Two years ago, Ginny Dautreuil was named Island Forest and Parks supervisor, solely responsible for the state forest. For two years, Ms. Dautreuil told reporter Barry Stringfellow, she rented in Falmouth and commuted, one of a number of members of the Island workforce who now call the mainland home. This week we learn that she will leave for a job in another part of the state where housing will not be such a challenge, another victim of a housing market where those who form the bedrock of our community are unable to afford to live.
Ms. Dautreuil arrived on the Island to fill the job held for 26 years by the widely respected John Varkonda, who died unexpectedly on New Year’s Eve, 2013, at age 55. Ms. Dautreuil is only the third person, and first woman, to hold the post. The first was Manuel F. Correllus, for whom the forest is named.

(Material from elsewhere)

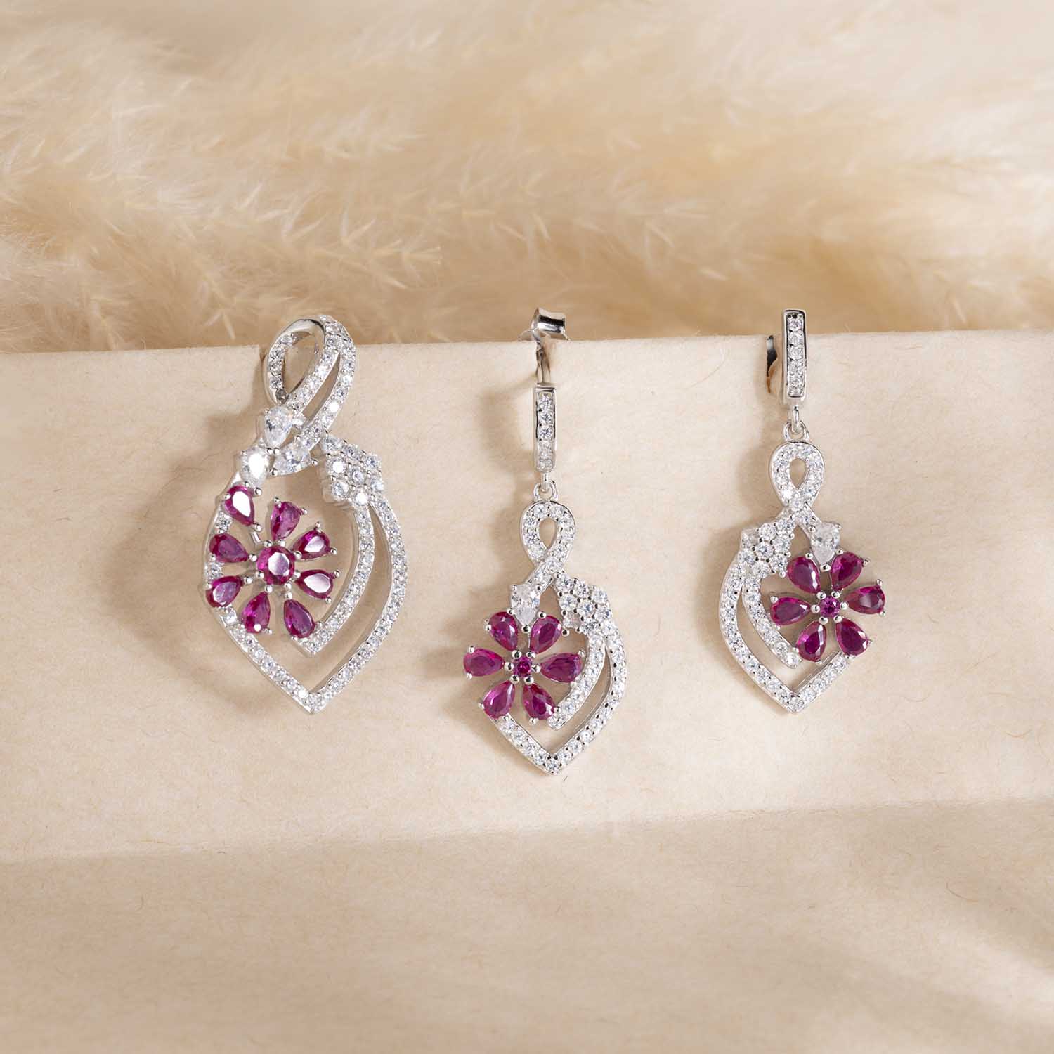 Floral Silver Pendant & Earrings Set

Ironically, there is a house in the state forest that functions as an office and headquarters. It would seem only natural that DCR would renovate the house so it could be used to provide housing. Having the person responsible for the state forest living onsite would provide innumerable benefits, but as far as we can learn, that is not in the offing.
Asked about a replacement for Ms. Dautreuil, a DCR spokesman said, “Currently, the Department of Conservation and Recreation is reviewing the Manuel F. Correllus State Forest Supervisor position, and the search for a replacement is ongoing.”

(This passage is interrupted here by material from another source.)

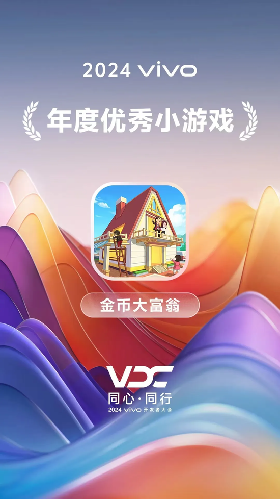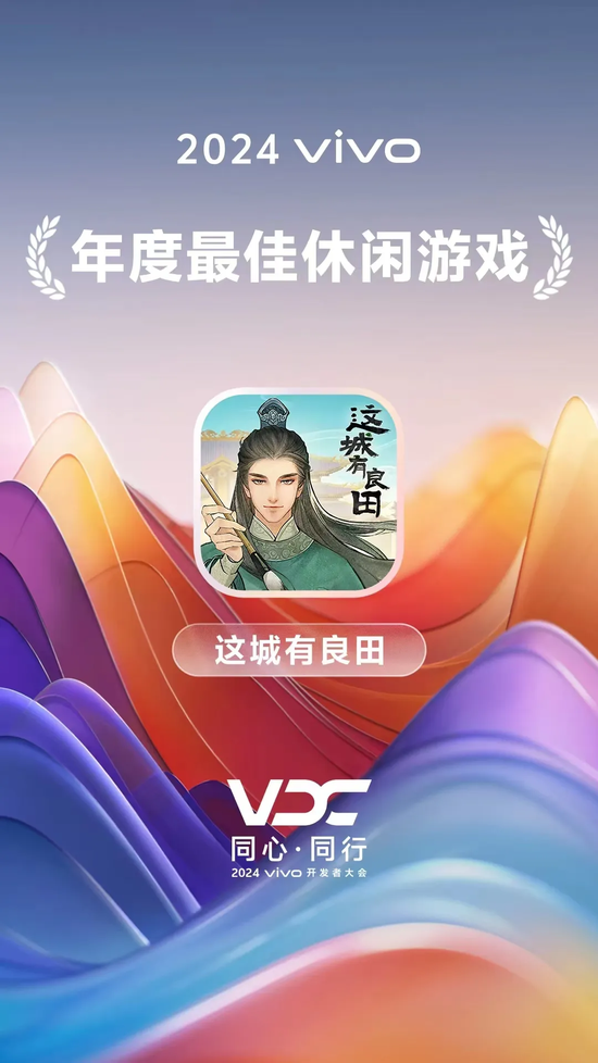 益世界受邀出席,并在会后的颁奖环节,荣获“2024vivo年度最佳合作伙伴”。旗下模拟经营产品矩阵中的头部产品《这城有良田》荣获“2024vivo年度最佳休闲游戏”和“2024vivo年度优秀小游戏”,长线产品《金币大富翁》荣获“2024vivo年度优秀小游戏”。

The spokesman, who responded on background, did not answer a question about use of the house for supervisor housing.
In other words, the state is in no rush to hire her replacement. Or invest much money in an expanse of woodland for which there has been a lot of talk but not much action.

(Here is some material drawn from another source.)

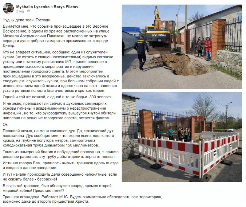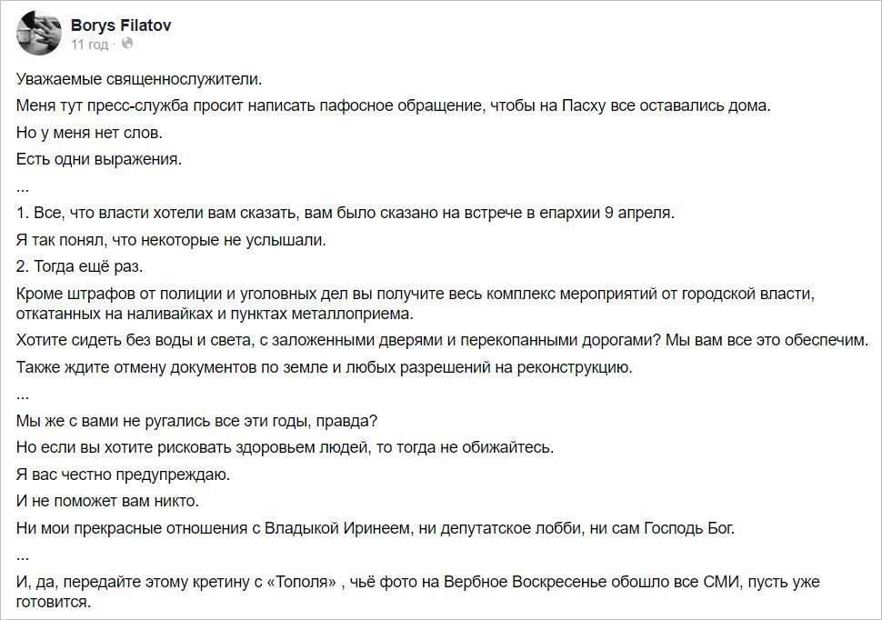 Что касается угроз - у всех церквей в Днепре единый руководитель, с которым у Филатова "прекрасные отношения". Если бы надо было припугнуть попов - достаточно было это озвучить лично.

The last major effort occurred in 2009 when DCR contracted to remove dead and dying red pines as part of a three-year, 237-acre “emergency ecological restoration project.” The project was intended to restore native trees such as pitch pine and scrub oak, and reduce wildfire risks and public safety hazards, at a cost of $240,000.
DCR needs to invest in the Manuel F. Correllus State Forest. One option is to move ahead with finding a new, energetic superintendent who will make the Island his or her home.
But DCR might consider a more innovative approach: Turn over management of the state forest to the Martha’s Vineyard Land Bank, an Island organization with a proven record of management for conservation and recreation. The Land Bank currently manages 3,300 acres with a staff of five, including an ecologist and land manager. Trails are well marked and maintained.
Land Bank policies are set by an elected board of commissioners with representation from each Island town. Adding the state forest to the Land Bank portfolio of properties would provide direct control by Islanders with a vested interest in its management.